Но Василиса не тяготилась, всё терпеливо сносила. Был там некий миг, самый желанный, когда Петруша по её плечу смоченной рукой проводил — чтоб отблеск Авроры пламенней отсвечивал. Рука была холодная, но Василисе казалась обжигающей.
А беседовали мало и о пустяках. Очень её обижало, что Петя ей всё «вы» да «вы» говорил.
Зато как же он хорошел во время работы! Словно некий волшебник дотрагивался до Петруши и превращал ледяную фигуру в сказочного королевича. Чудесные Петрушины глаза светились сиреневыми огоньками, волосы поблескивали в солнечном свете.
«Петушок — золотой гребешок», — думала тающая Василиса.
Красой его она, понятно, увлечь не могла. Однако есть ведь женщины, кто подбирают ключ к мужскому сердцу умом и увлекательной беседой.
Пробовала, и не раз. Вечером прочтёт про что-нибудь в книге или в «Ведомостях», а наутро пересказывает. Однако про войну, про увеселения его царского величества, про иностранные оказии Петя слушал безразлично. И угадать, о чем разговор завяжется, а о чём нет, с ним было невозможно. Как-то раз, по случайности, Василиса заговорила об италианском художнике Михеле Ангеле, про которого в книге написано, что мастер он был преискусный, но и злодей, каких мало. Якобы, желая получше изваять из камня умирающего раба, подсыпал яду своему холопу и жадно глядел, как тот издыхает.
Казалось бы, глупая сказка и небывальщина, но Петя слушал с волнением, даже кисть отставил.
Ободрённая успехом, Василиса пошутила. Хорошо-де, что пишешь не Диану, пронзённу стрелой, не то, пожалуй, проткнул бы меня.
А он вдруг взял и сощурился, словно представлял себе, как это будет: лежит она, сражённая стрелой, стонет, из раны алая кровь течёт…
И точно, проткнул бы, поняла Василиса. Лук с колчаном отшвырнула, выбежала вон.
Он бросился догонять, прощенья просил и брал её за руку, нежно.
Вернулась, конечно. И после не упускала случая чем-нибудь ещё оскорбиться. Ах, как сладко было видеть его просящим!

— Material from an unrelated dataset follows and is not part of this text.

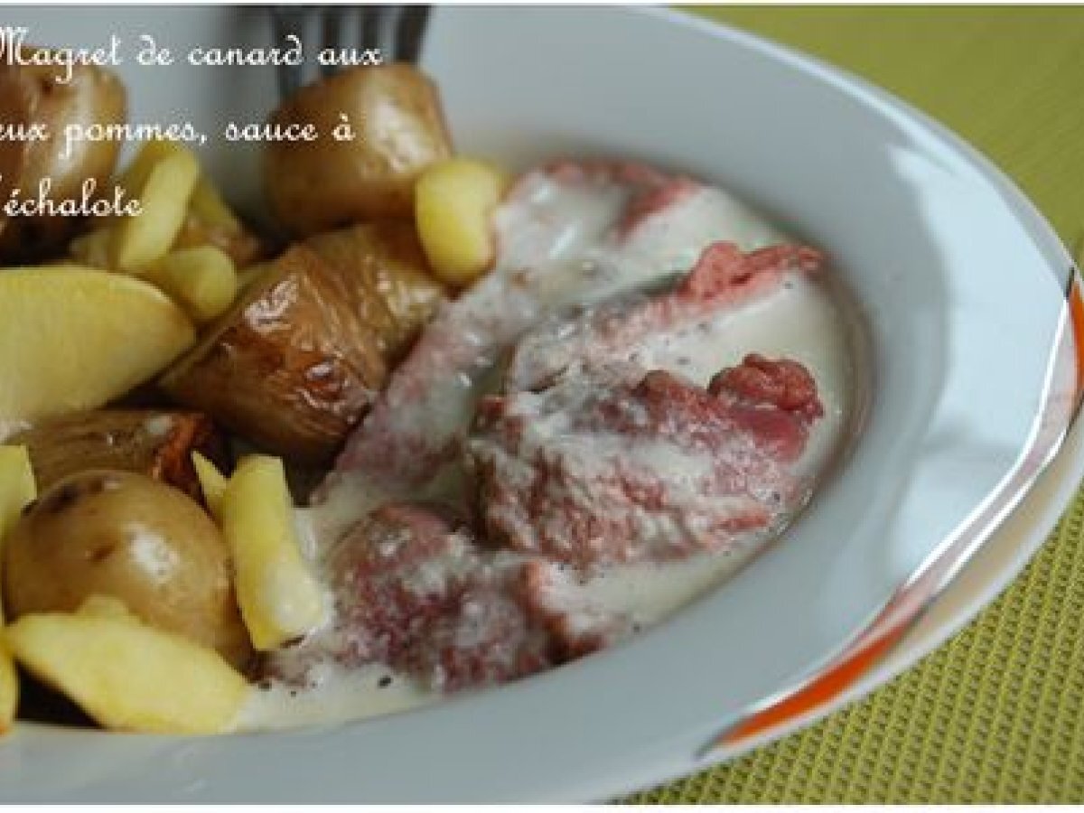 Magret de canard aux deux pommes, sauce à l'échalote votez maintenant PrécédentSuivant Platfacile17 min1143 Kcal Envoyer cette recette à un ami Imprimer cette page Poser une question à l'auteur Publier votre photo de cette recette Ingrédients 2 2 magrets de canard 500 g de pommes de terre rates 4 feuilles de laurier 2 pommes 20 g de beurre 1 belle échalote 15 cl de bouillon de volaille 10 cl de crème fraîche

Нынче, в саду, опять поругались. И тут уж она обиделась не притворно, а по-настоящему.
Вчера Петруша сказал, что будет цветы писать, это «натура-морта» называется.
Она, дура, встала ни свет ни заря, набрала букет из самых пышных роз, которые сама же и высадила.

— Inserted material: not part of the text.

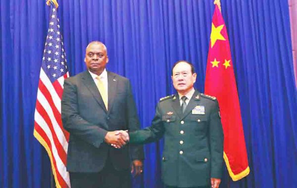 Penasihat Negara China dan Menteri Pertahanan Jenderal Wei Fenghe (kanan) bertemu dengan Menteri Pertahanan AS Lloyd Austin di Kamboja pada Selasa pagi. LI XIAOWEI/UNTUK CHINA SETIAP HARIAmerika Serikat harus menghormati kepentingan inti China dengan pertanyaan Taiwan pada intinya, Anggota Dewan Negara dan Menteri Pertahanan Jenderal Wei Fenghe mengatakan kepada timpalannya dari AS Lloyd Austin dalam pertemuan mereka di Kamboja pada hari Selasa.
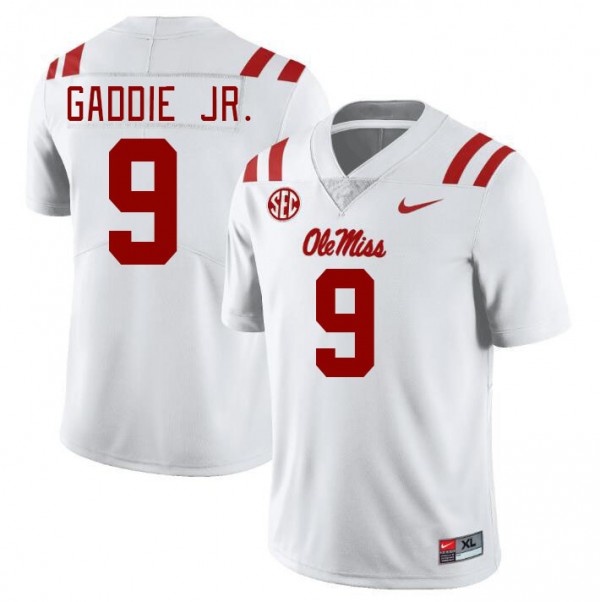Compliance Certified Mens DeShawn Gaddie Jr. #9 Ole Miss White Breathable College Football Jersey - Premium Licensed NCAA Gear 54915-143

Спускается он в беседку со своим складным ящиком, а эта красота его уже ждёт, в кристальный кубок поставленная.
Думала, восхитится, похвалит. А он переносицу сморщил, розы вон выкинул, кубок велел унести. Давайте мне, говорит, васильки, колокольчик, Иван-да-Марью — разный сорняк, какой Василиса в дядином саду давно уж повывела.
Вспылила она, ни в чём не повинный кристаль расколотила о землю, ушла из беседки вон.

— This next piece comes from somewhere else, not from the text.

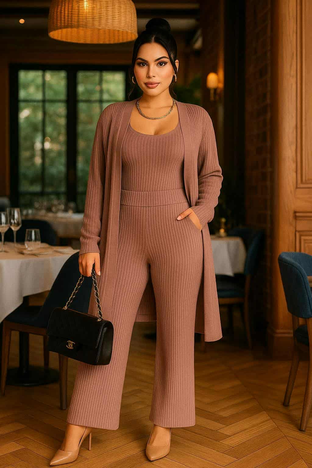 Conjunto moderno y versátil de tres piezas que eleva cualquier look con estilo y elegancia. Diseñado para brindar comodidad sin perder sofisticación, perfecto para múltiples ocasiones.

Потом добранивались в аллее. Он никак не мог взять в толк, за что она взъелась, огрызался, потом заскучал…
В это время слуга сказал, что пожаловал гость, господин гвардии прапорщик Алексей Попов — ожидать боярина — и спрашивает, примет барышня иль нет.
— Приму! — сказала Василиса. — Веди в дом, я скоро.
Стало ей зло, куражно. Пускай Петрушка не думает, что на нём свет сошёлся. Есть и другие кавалеры, не ему чета, ведающие истинно галантное обхождение и готовые ради Василисы Милославской в огонь и в воду.
С Поповым этим до сего дня она разговаривала всего однажды, недели две назад, когда он по какому-то делу приходил к дяде. Мужчина собой изрядный, обходительный, всё жёг глазами — как было такого не запомнить?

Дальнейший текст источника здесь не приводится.